■ TO DO ■
Set down each entry exactly; omit images.

■ Stored dataset items ■
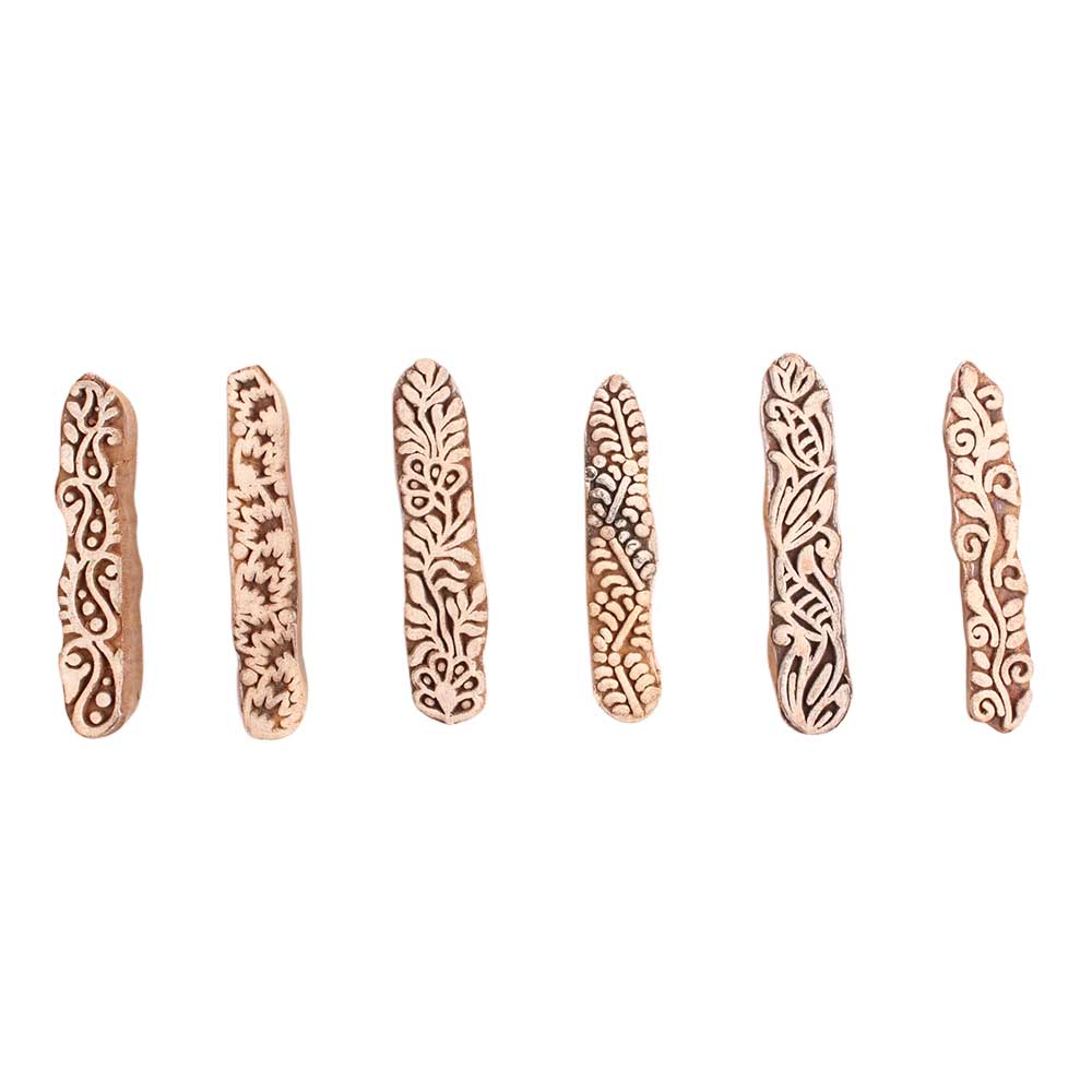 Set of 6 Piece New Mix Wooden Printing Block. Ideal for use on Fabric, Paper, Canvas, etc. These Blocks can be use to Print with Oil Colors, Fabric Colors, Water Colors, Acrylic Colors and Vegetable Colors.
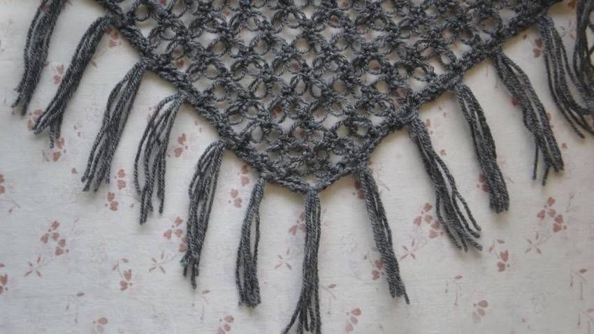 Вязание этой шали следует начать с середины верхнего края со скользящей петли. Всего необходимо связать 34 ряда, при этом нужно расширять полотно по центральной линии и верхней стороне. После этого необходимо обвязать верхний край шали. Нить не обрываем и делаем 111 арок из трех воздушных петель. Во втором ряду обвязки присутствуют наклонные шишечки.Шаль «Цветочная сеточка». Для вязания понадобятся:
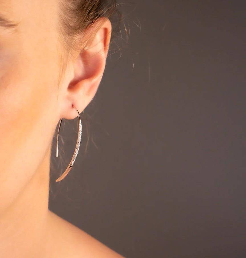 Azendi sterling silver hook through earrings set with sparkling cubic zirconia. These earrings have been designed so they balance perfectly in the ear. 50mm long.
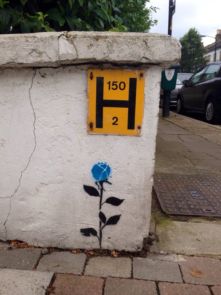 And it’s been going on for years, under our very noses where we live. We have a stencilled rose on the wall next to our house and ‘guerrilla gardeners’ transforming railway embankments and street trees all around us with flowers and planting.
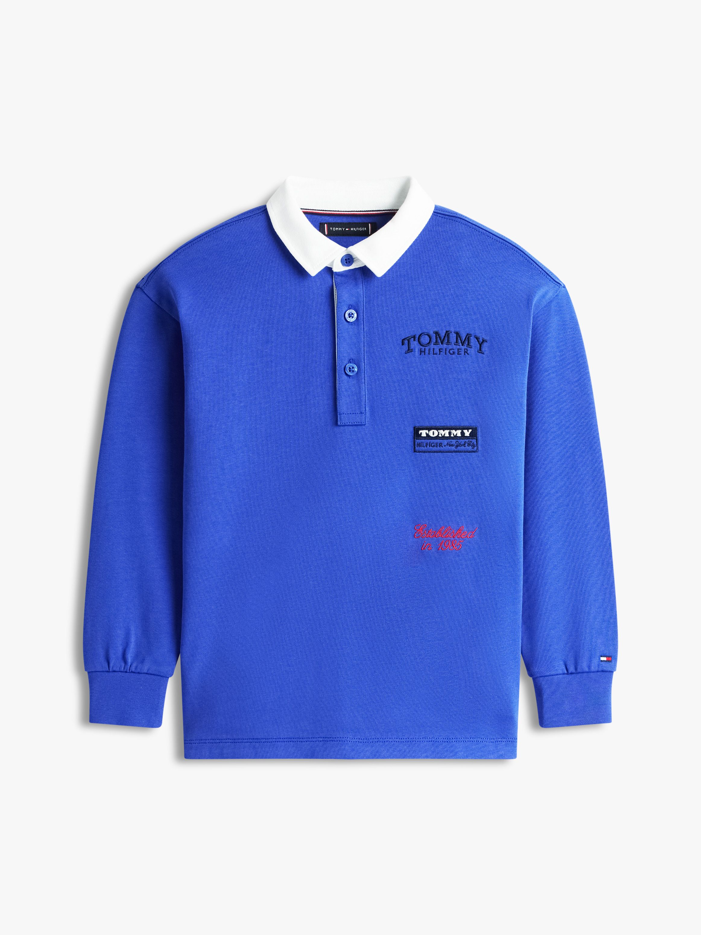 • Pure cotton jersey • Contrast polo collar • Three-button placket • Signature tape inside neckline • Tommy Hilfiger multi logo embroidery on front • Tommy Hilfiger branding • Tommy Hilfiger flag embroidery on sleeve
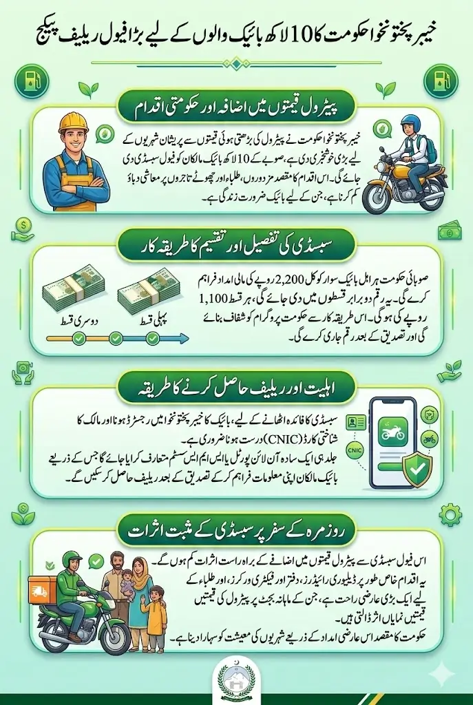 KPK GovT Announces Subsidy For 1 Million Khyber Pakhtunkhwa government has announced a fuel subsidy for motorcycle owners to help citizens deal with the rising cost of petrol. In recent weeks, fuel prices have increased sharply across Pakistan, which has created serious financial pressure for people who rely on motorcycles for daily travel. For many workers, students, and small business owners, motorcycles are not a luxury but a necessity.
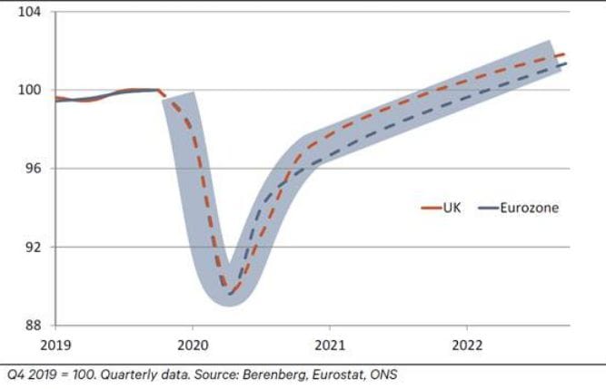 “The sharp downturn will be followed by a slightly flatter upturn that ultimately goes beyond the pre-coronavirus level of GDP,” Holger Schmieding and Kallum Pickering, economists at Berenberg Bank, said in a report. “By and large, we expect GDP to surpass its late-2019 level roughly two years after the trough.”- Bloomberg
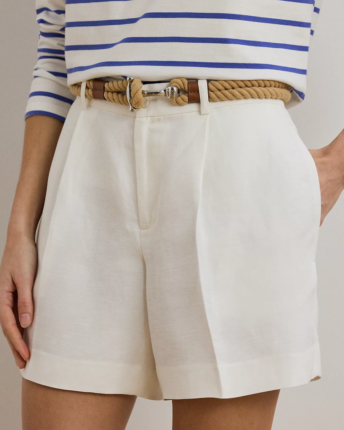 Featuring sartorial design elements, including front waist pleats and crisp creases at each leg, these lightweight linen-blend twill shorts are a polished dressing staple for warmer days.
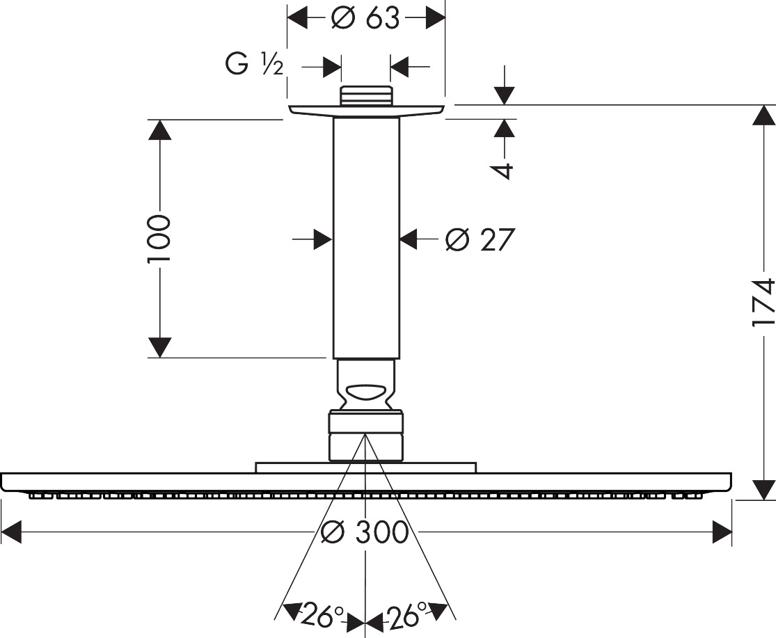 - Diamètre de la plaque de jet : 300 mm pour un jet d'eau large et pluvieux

■ TASK RESULT ■
 Set of 6 Piece New Mix Wooden Printing Block. Ideal for use on Fabric, Paper, Canvas, etc. These Blocks can be use to Print with Oil Colors, Fabric Colors, Water Colors, Acrylic Colors and Vegetable Colors.
 Вязание этой шали следует начать с середины верхнего края со скользящей петли. Всего необходимо связать 34 ряда, при этом нужно расширять полотно по центральной линии и верхней стороне. После этого необходимо обвязать верхний край шали. Нить не обрываем и делаем 111 арок из трех воздушных петель. Во втором ряду обвязки присутствуют наклонные шишечки.Шаль «Цветочная сеточка». Для вязания понадобятся:
 Azendi sterling silver hook through earrings set with sparkling cubic zirconia. These earrings have been designed so they balance perfectly in the ear. 50mm long.
 And it’s been going on for years, under our very noses where we live. We have a stencilled rose on the wall next to our house and ‘guerrilla gardeners’ transforming railway embankments and street trees all around us with flowers and planting.
 • Pure cotton jersey • Contrast polo collar • Three-button placket • Signature tape inside neckline • Tommy Hilfiger multi logo embroidery on front • Tommy Hilfiger branding • Tommy Hilfiger flag embroidery on sleeve
 KPK GovT Announces Subsidy For 1 Million Khyber Pakhtunkhwa government has announced a fuel subsidy for motorcycle owners to help citizens deal with the rising cost of petrol. In recent weeks, fuel prices have increased sharply across Pakistan, which has created serious financial pressure for people who rely on motorcycles for daily travel. For many workers, students, and small business owners, motorcycles are not a luxury but a necessity.
 “The sharp downturn will be followed by a slightly flatter upturn that ultimately goes beyond the pre-coronavirus level of GDP,” Holger Schmieding and Kallum Pickering, economists at Berenberg Bank, said in a report. “By and large, we expect GDP to surpass its late-2019 level roughly two years after the trough.”- Bloomberg
 Featuring sartorial design elements, including front waist pleats and crisp creases at each leg, these lightweight linen-blend twill shorts are a polished dressing staple for warmer days.
 - Diamètre de la plaque de jet : 300 mm pour un jet d'eau large et pluvieux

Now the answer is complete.